If you are loading a dataset generated locally from a Unity app, replace this path with the root of your app's persistent data folder.

Example persistent data paths from [SynthDet](https://github.com/Unity-Technologies/synthdet):
* OSX: `~/Library/Application\ Support/UnityTechnologies/SynthDet`
* Linux: `$XDG_CONFIG_HOME/unity3d/UnityTechnologies/SynthDet`
* Windows: `%userprofile%\AppData\LocalLow\UnityTechnologies\SynthDet`


2. Go to `http://localhost:8888` in a web browser to open the Jupyter browser.
3. Open and run the example notebook in `/datasetinsights/notebooks/` or create your own.
   (todo replace docker container gcr.io/unity-ai-thea-test/thea with public links)

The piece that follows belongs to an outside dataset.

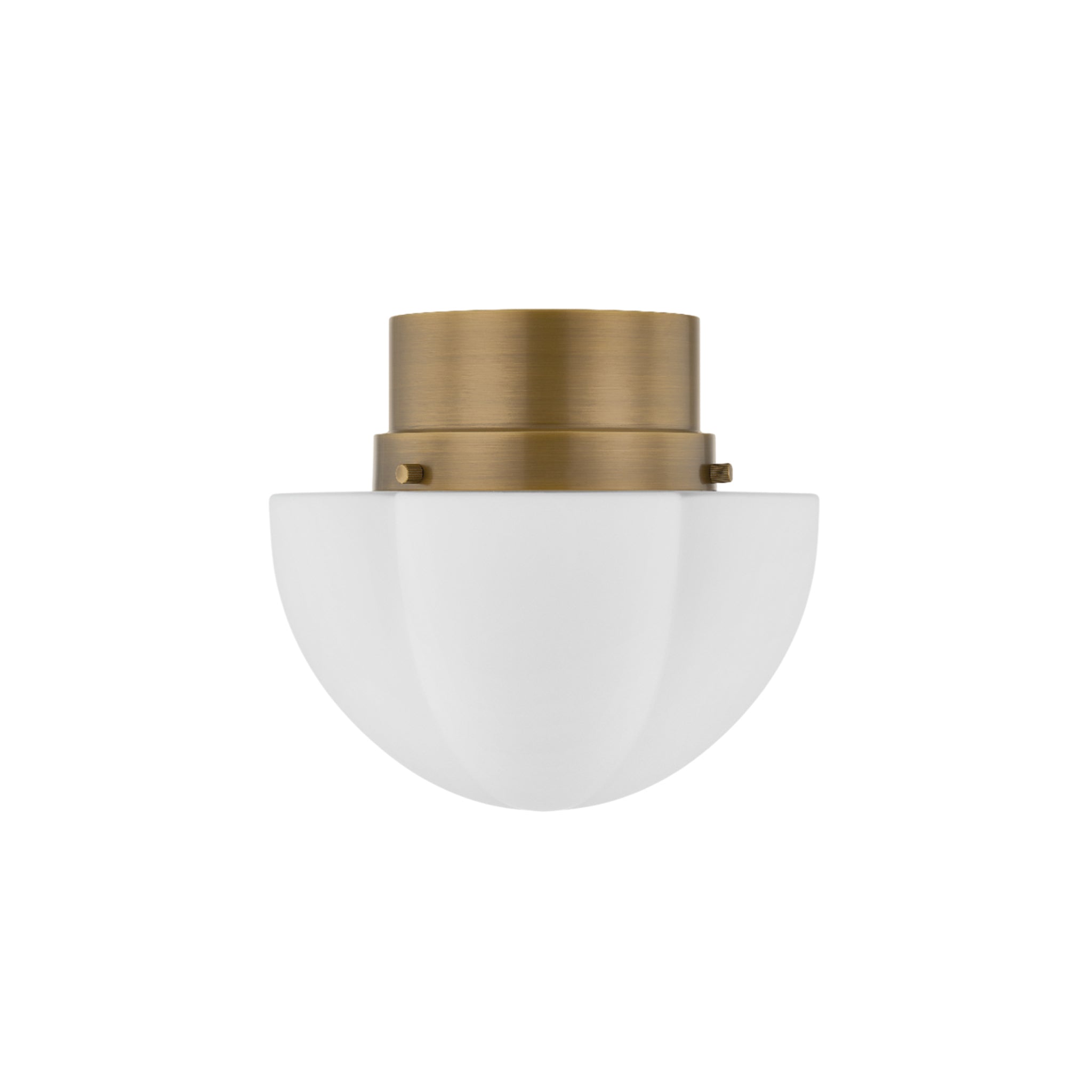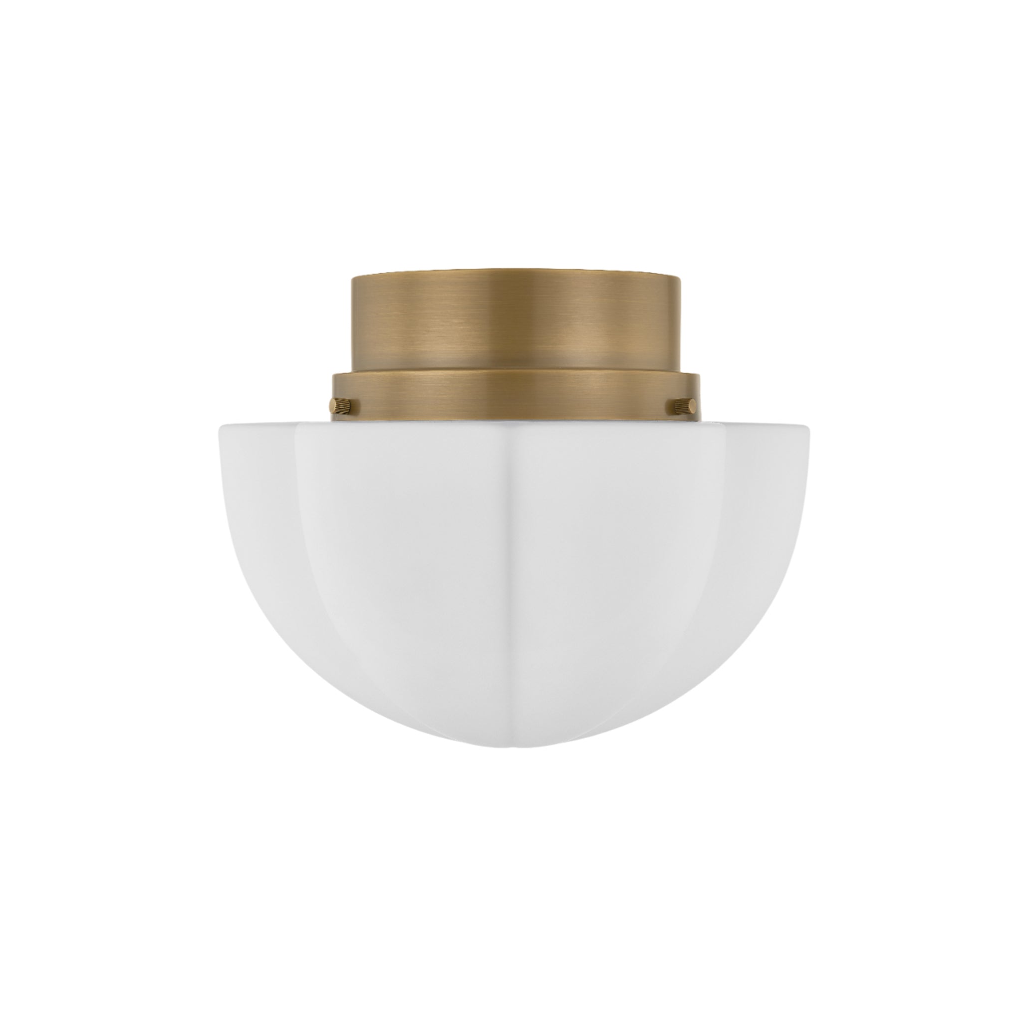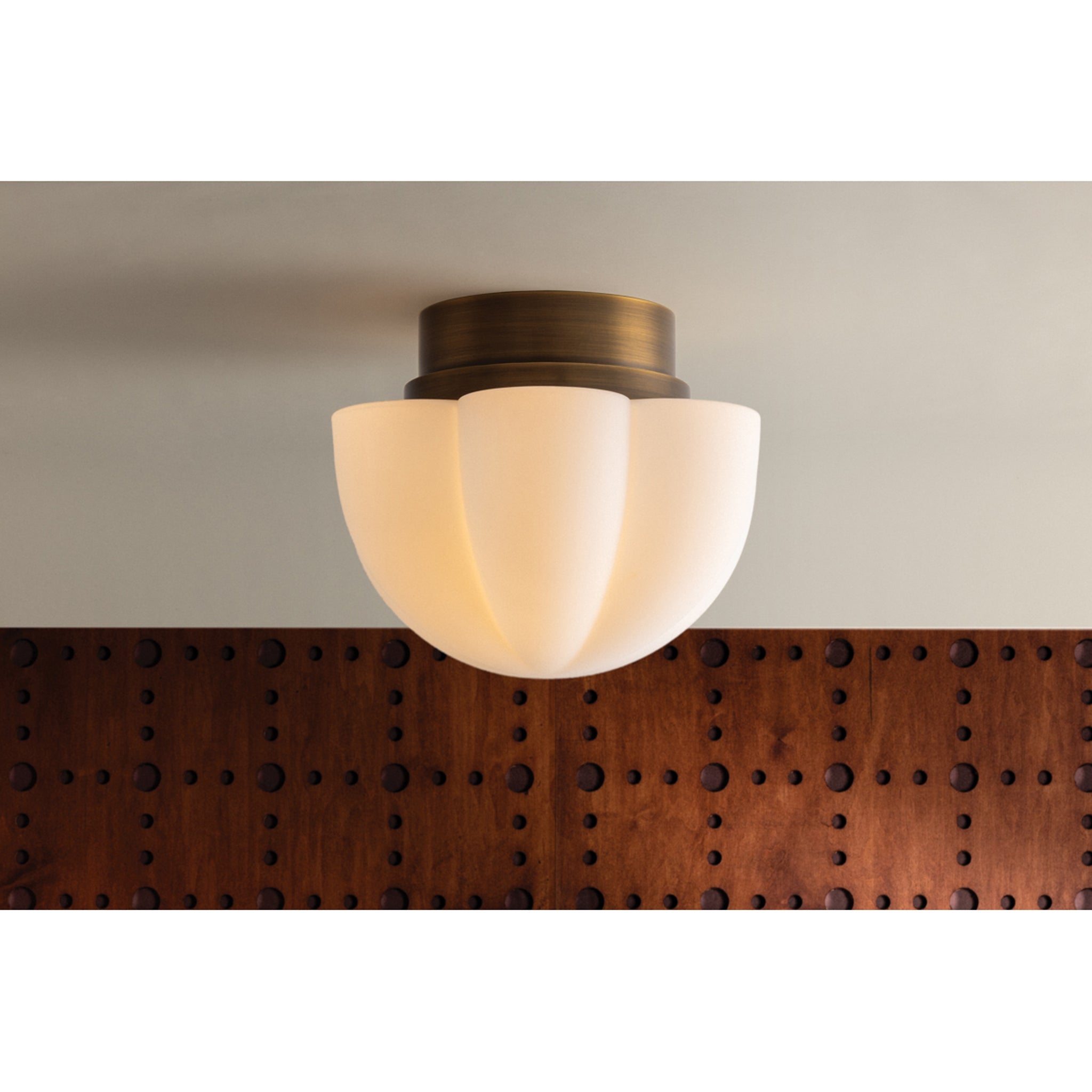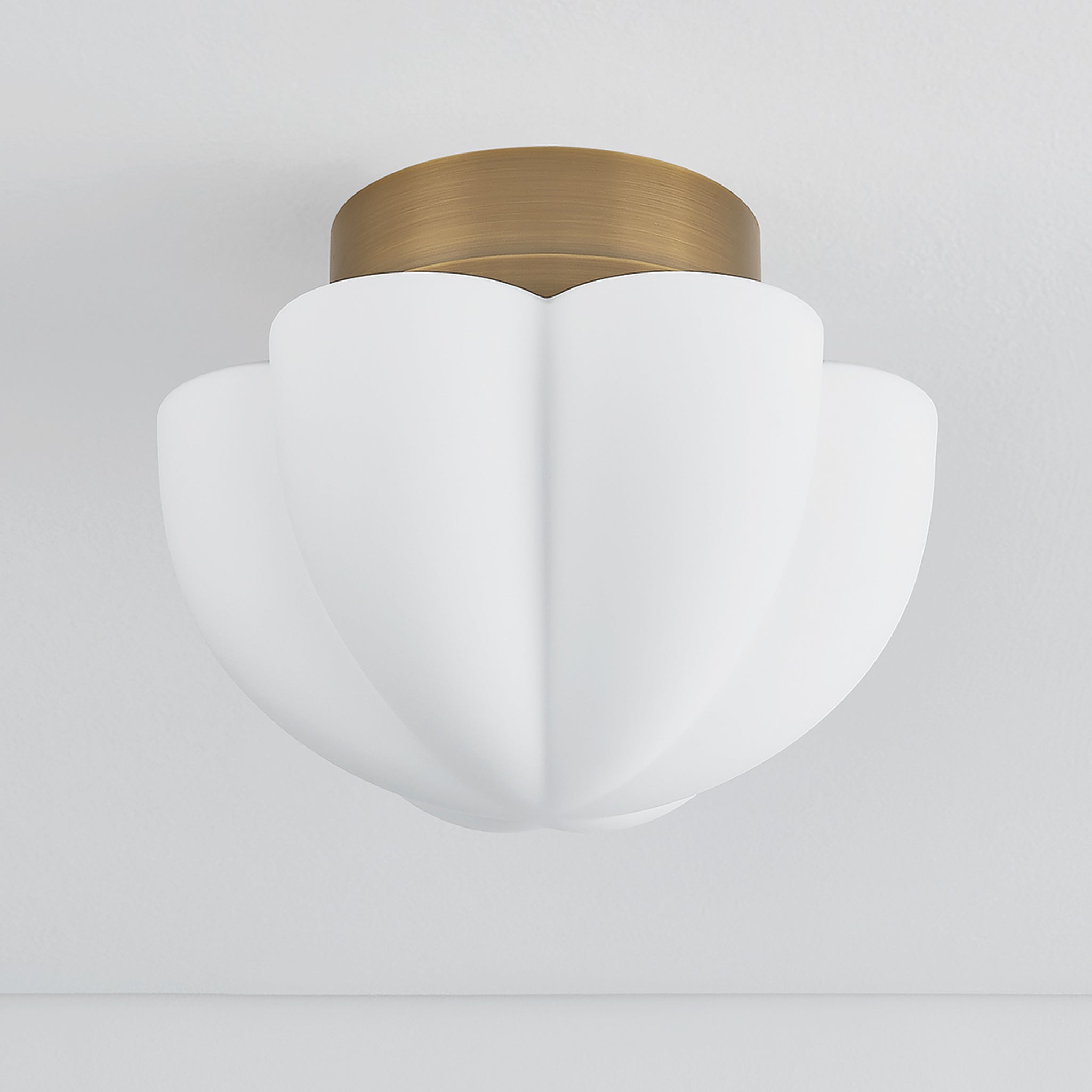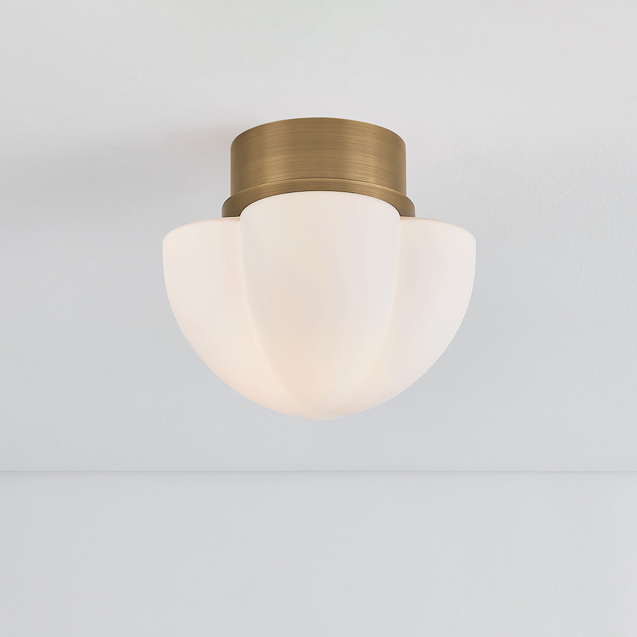 A stylish alternative to can lighting, Seabrook introduces thoughtful forms to spaces that deserve more than a passing glance. Available in two sizes, this charming flush mount features a gently scalloped botanical shade that adds a soft touch to any room. The opal glass creates a diffused glow, while the Heritage Bronze finish of the metalwork lends a warm tone. Designed as a transition piece, Seabrook enhances vestibules between bedrooms and bathrooms as well as landing spaces. Cortney Bishop for Hudson Valley Lighting.

## Running a Dataset Insights Jupyter Notebook via Google Cloud Platform (GCP)
- To run the notebook on GCP's AI platform follow
[these instructions](https://cloud.google.com/ai-platform/notebooks/docs/custom-container) and use the container `unitytechnologies/datasetinsights:latest`
- Alternately, to run the notebook on kubeflow follow [these steps](https://www.kubeflow.org/docs/notebooks/setup/)

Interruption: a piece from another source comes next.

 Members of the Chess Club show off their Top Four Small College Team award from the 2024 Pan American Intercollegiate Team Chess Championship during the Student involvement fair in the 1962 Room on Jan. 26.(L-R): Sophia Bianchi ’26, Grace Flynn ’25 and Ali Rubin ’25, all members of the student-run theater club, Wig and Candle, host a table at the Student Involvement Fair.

### Download Dataset from Unity Simulation

[Unity Simulation](https://unity.com/products/simulation) provides a powerful platform for running simulations at large scale. You can use the provided cli script to download Perception datasets generated in Unity Simulation:

```bash
python -m datasetinsights.scripts.usim_download \
  --data-root=$HOME/data \
  --run-execution-id=<run-execution-id> \
  --auth-token=<xxx>
```

The `auth-token` can be generated using the Unity Simulation [CLI](https://github.com/Unity-Technologies/Unity-Simulation-Docs/blob/master/doc/cli.md#usim-inspect-auth). This script will download the synthetic dataset for the requested [run-execution-id](https://github.com/Unity-Technologies/Unity-Simulation-Docs/blob/master/doc/cli.md#argument-descriptions).

If the `--include-binary` flag is present, the images will also be downloaded. This might take a long time, depending on the size of the generated dataset.